Posted Monday March 11, 2013 at 9:19:39 am in Musings
Everyone is so quick to announce a market as a being dead....but are they ever right?
Part of me thinks this is part of sensationalist media jockeys trying to get page views. The other part of me thinks it's users that are so invested in a platform that they want to wish ill will on other platforms/markets (see: fan bois). And the last part of me thinks that the world has been attaching itself to products for some time now, and this is just a bunch of sensationalism and rah-rah rants ruining technology writing today.
But guess what?
The smartphone/tablet market isn't going to kill the console market. There have been writers claiming this for years now ever since application stores started becoming popular on mobile devices. These writers claim that casual phone/tablet gamers will kill the market for console gaming. But I disagree. It's simply a matter of market saturation.

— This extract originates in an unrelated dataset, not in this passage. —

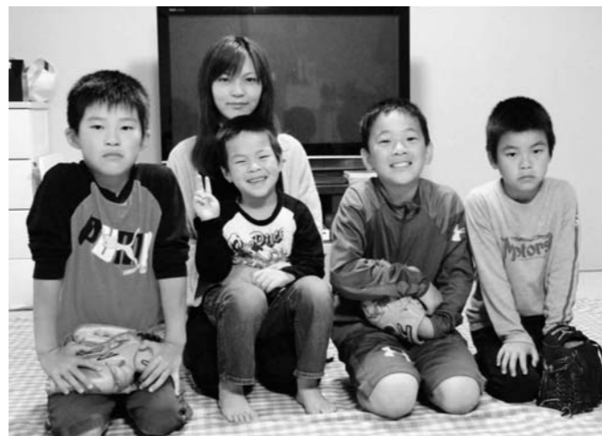
▲お子さんたちと一緒に。

震災後にご主人の実家から浪江町津島地区のつしま活性化センター、いわき市、塙町へと移動しながら避難。現在は会津若松市北滝沢のアパートで、お子さんたちの笑顔に励まされながら、ご家族で暮らしていらっやいます。

Flash back 6 years ago (prior to the iPhone launch), what gaming platforms were available? Xbox 360, PS3, Wii, desktop gaming, and some misc. handhelds (PSP, etc.). Yes, there were "app stores" prior to the iPhone, just not nearly as incentivized as Apple's App Store model. There was also mobile gaming on phones...just rather lackluster. Console and desktop gaming were king. On the go gaming was relegated to laptops and some handhelds. The market was pretty small.
Now it's 2013. And what kind of market do we have for gaming? Well, the 360, PS3, Wii and now Wii U are still here. Handheld gaming has expanded to include the Nintendo DS (and 3DS), PSP Go, PlayStation Vita, etc. There are future handheld platforms like Project Shield and what not coming out running Android. There seems to be a billion Android phones that people use for casual gaming. There's iOS (iPhone, Touch, iPad), Windows Phone, and any number of other tablets in between (Windows 8, Windows RT, Android, etc.). But guess what? Consoles are still selling. When people claim the 'death' of something is this just a wild exaggeration to claim that something just won't sell as well going forward? Isn't this just pure common sense when you expand the playing field to fill nearly every nitch out there?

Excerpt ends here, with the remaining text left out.